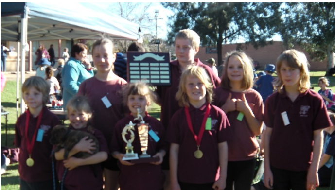
A successful Sports Carnival for Glen Alice PS
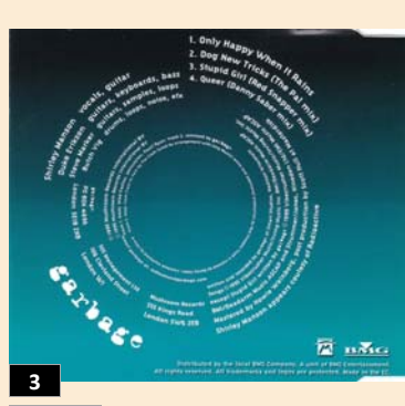
3 09/1995 29 55 Only Happy When It Rains
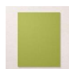
Old Olive cardstock 100702
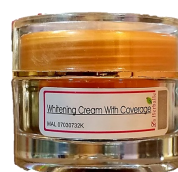
Whitening Cream with Coverage
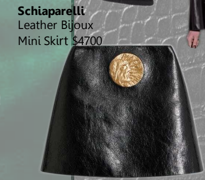
Schiaparelli Leather Bijoux Mini Skirt $4700
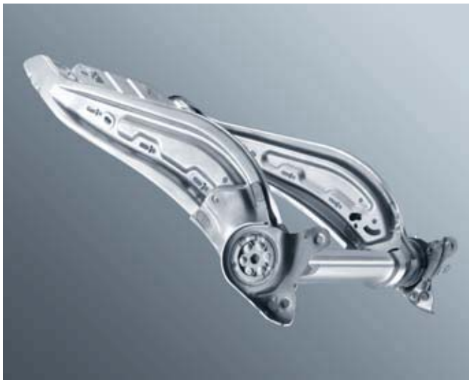
Laser welded seat structure.
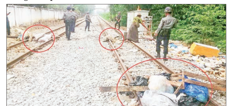
Myanmar Railways will open files of the lawsuit against the acts and destruction of unscrupulous violent persons at relevant police stations under the law to take action against them.

Myanmar Railways will open files of the lawsuit against the acts and destruction of unscrupulous violent persons at relevant police stations under the law to take action against them. As Myanmar Railways regularly operates circular trains on a daily basis, local people and staff take the trains. — MNA
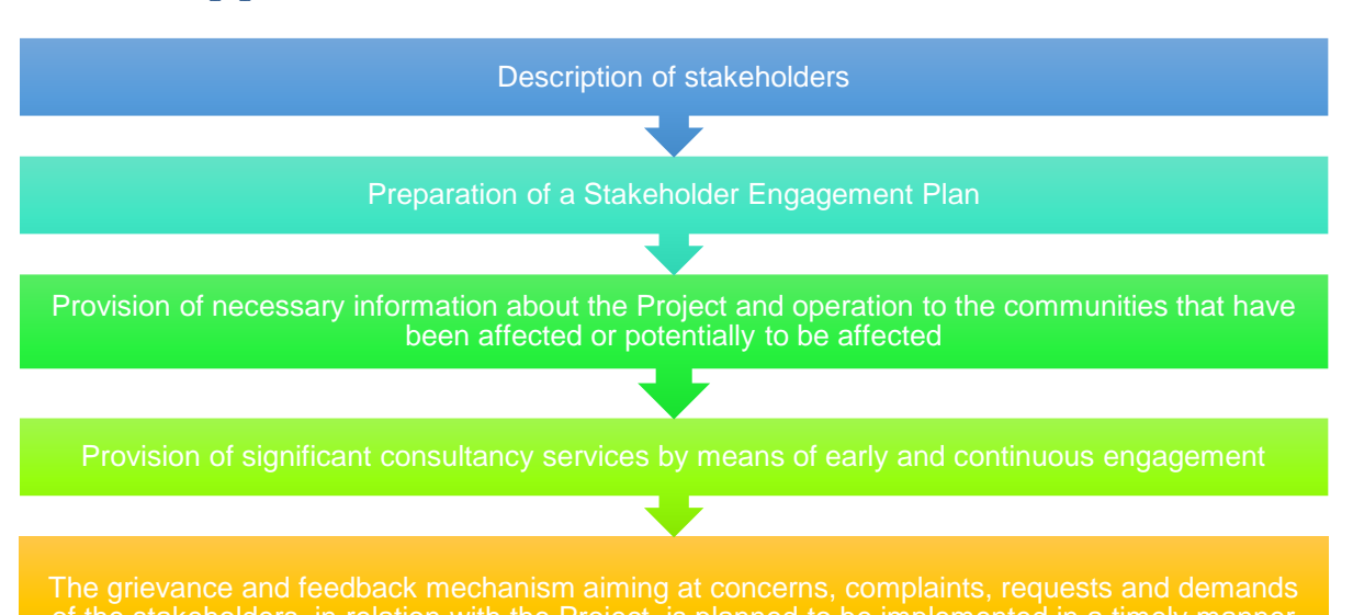
Figure 3-1. Main Requirements of International Standards and Guidelines regarding Stakeholder Engagement

+-------+

Required work: Go through the material and report each line that holds the string "persons".

Answer section:
Myanmar Railways will open files of the lawsuit against the acts and destruction of unscrupulous violent persons at relevant police stations under the law to take action against them.
Myanmar Railways will open files of the lawsuit against the acts and destruction of unscrupulous violent persons at relevant police stations under the law to take action against them. As Myanmar Railways regularly operates circular trains on a daily basis, local people and staff take the trains. — MNA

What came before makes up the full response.